I opened my mouth. I could sense them all watching, the patients, the nuns. I didn’t think for a moment they’d understand. ‘The drinks,’ I grunted.

‘Excellent,’ said Finty. ‘Come on, everyone. Gather up. We’ll get in a round.’

Sister Catherine helped me out of my chair by the window. It was only a small distance to the other patients, but I was so slow, it was like climbing a hill. She settled me in a reclining chair by the coffee table. I couldn’t lift my head. I couldn’t look at anyone. I just had to pretend I was very preoccupied by the swirly pattern of the dayroom carpet.

Sister Lucy offered a choice of flavours. Barbara and Finty chose strawberry. Mr Henderson asked for vanilla. The patient with the monster slippers pointed at butterscotch. The Pearly King went for chocolate. I put my hand up for vanilla.

‘It makes no difference anyway,’ said Finty. ‘They all taste like wet cardboard.’

Sister Lucy unscrewed the lids from the bottles and served the
shakes in glasses with straws. They were all a colour halfway between beige and pink that has no name except possibly ‘blush taupe’.

We drank slowly. Half mine spilled out the side of my mouth. Nobody spoke or moved until the glasses were empty. I was the last to finish. Mr Henderson got up to hand out tissues.

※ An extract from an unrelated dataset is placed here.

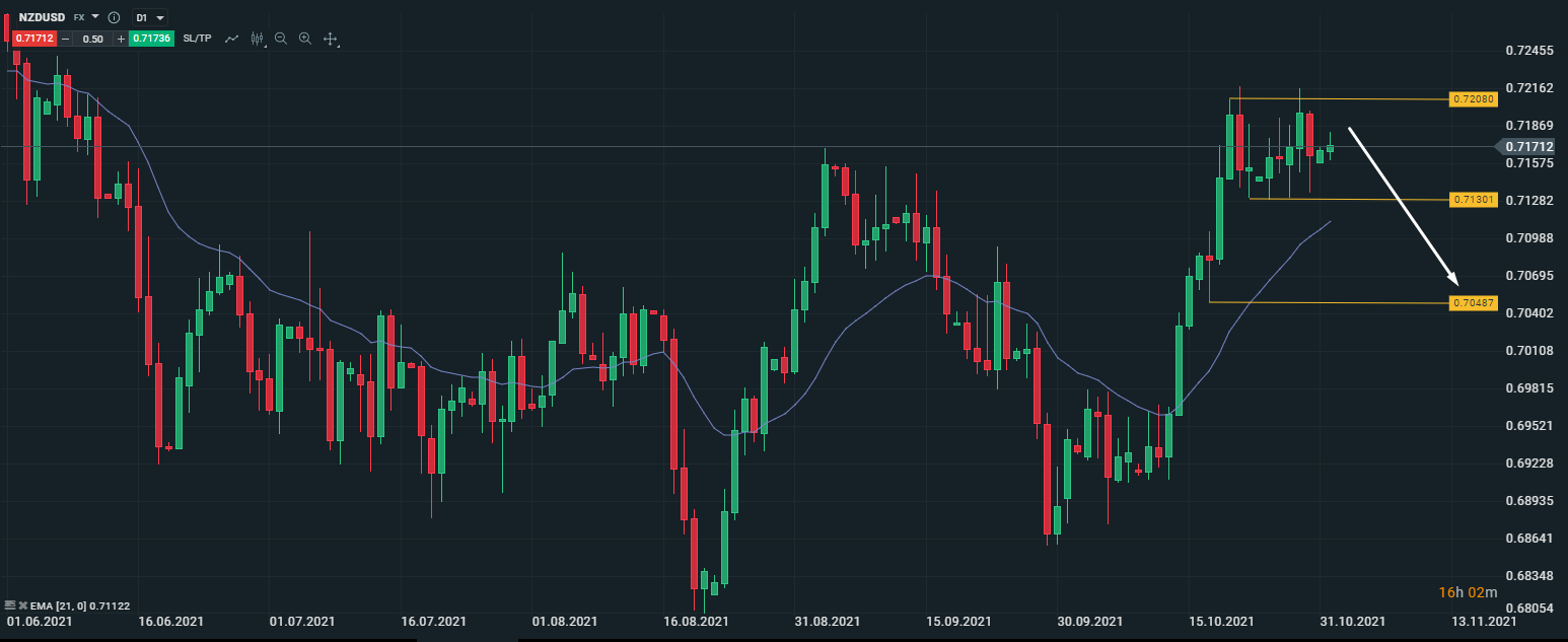 Техническая картина по NZD/USD. Медведи удерживают ключевой уровень сопротивления 0.7208. О снижении пары сигнализирует сформировавшаяся двойная вершина и шортовые импульсы от этой зоны.

‘Thank fuck that’s over,’ said Finty, rubbing at her mouth and her sweatshirt. ‘Let’s have a game of Scrabble.’

‘Are you laughing?’ asks Sister Mary Inconnue.

I am happy. I had a nice time in the dayroom. And also at tea
.

She laughs. Her sandals swing, she is laughing so much. ‘Good,’ she says. ‘That’s good.’

She murmurs something and it sounds like a blessing until I hear the words ‘tuna fish’ and wonder whether she’s recounting her shopping list.

I will not give up hope.

I will wait for you, Harold Fry.

A different perspective

T
HIS MORNING
I asked Sister Lucy if I could borrow a dictionary and a thesaurus. She fetched Pictionary and a throat lozenge.

‘Also a glass of water,’ she said helpfully.